Despite the mum's-the-word culture of Economic Development, and his past successes at getting the media to reprint his press releases about it, Shelby Thames has not been able to pull the wool over the eyes of the USM faculty. At a meeting of his President's Council on September 2, Physics Professor Ray Folse challenged Thames to back up his administration's claims about the Economic Development program. Folse specifically indicted Thames' PR machine for the false claims of uniqueness it was incessantly making on behalf of the program. Thames' response: he would have Ken Malone talk to the PC about the Economic Development program at a future meeting.

Instead it was at the next PC meeting on October 6 that the decision to break the program in two and move the pieces was announced. Folse promptly"stated that he he had heard it was being moved for reasons of quality." Thames"said we would have Dr. Malone at a Council meeting to discuss it."
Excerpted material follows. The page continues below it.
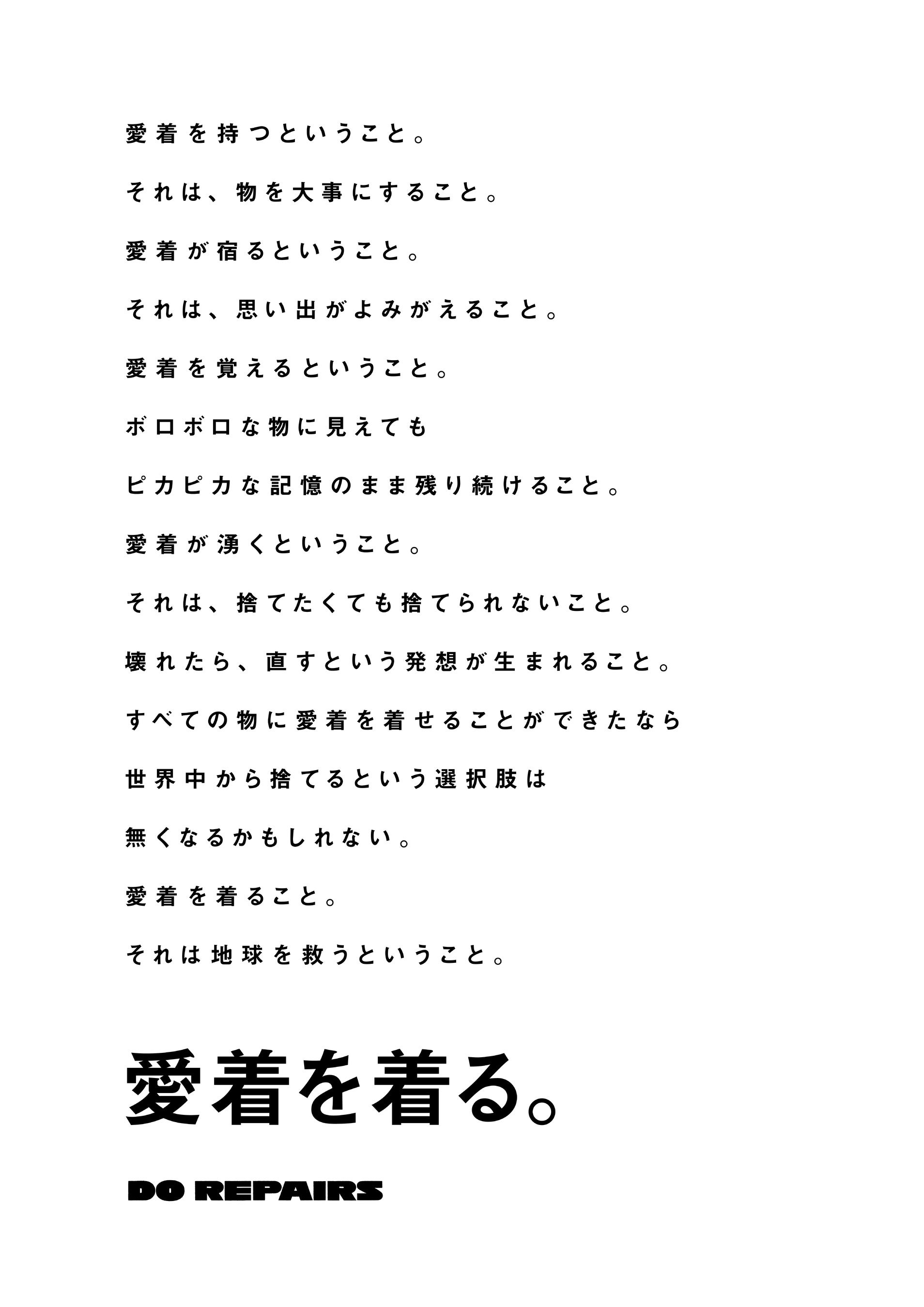 DO REPAIRSは、渋谷・原宿に根づく多様なブランドやクリエイター、学生やボランティアまでが一体となり、“直して使う”文化を広げるイベントです。修理は単なる機能回復ではなく、思い出や愛着をつなぎ直す行為。人と人、ブランドと街、そして次の世代へと受け継がれていく“物語”を発信します。

Thames never had the slightest intention of putting Malone in front of informed critics of the Economic Development program, like Folse or Economics Professor Trellis Green. He was just buying time until the IHL Board approved moving the program at its October meeting. As soon as the Board had acted, Thames haughtily reneged on his promise:

Dr. Ray Folse raised questions about the quality of the economic development program and the qualifications of some admitted students, citing discussions and comments with others about this topic. He asked that a representative of the program visit the President's Council and answer questions that might be asked by President's Council members. As a result of this request, I discussed this matter with the administrative cabinet and it was unanimously agreed that academic program review is not the mission of the President's Council. Instead, program review, evaluation and assessment are the responsibility of the provost, deans, departments and appropriate academic entities such as the academic and graduate councils.

Thames' Kitchen Cabinet did what he told it to. In any event, the President's Council has no decision-making authority over anything. Thames just wanted to make sure Ken Malone wouldn't be answering tough questions about the program in front of Kevin Walters, the Hattiesburg American reporter who has been attending the PC meetings regularly.

It suddenly got harder for Thames to get away with his dodges on December 8, when the SACS accreditation crisis hit the newspapers. Over the next week the IHL Board and the public saw Thames tripping over his own lies as he tried to excuse himself from responsibility, while the severity of USM's predicament finally began to sink in. Hardly anyone believes Shelby Thames any more when he blames his administration's failings on others. He is personally responsible for the hype and deceit that have surrounded the Economic Development program during his entire term in office. We can only hope that he will be held fully accountable for these as well.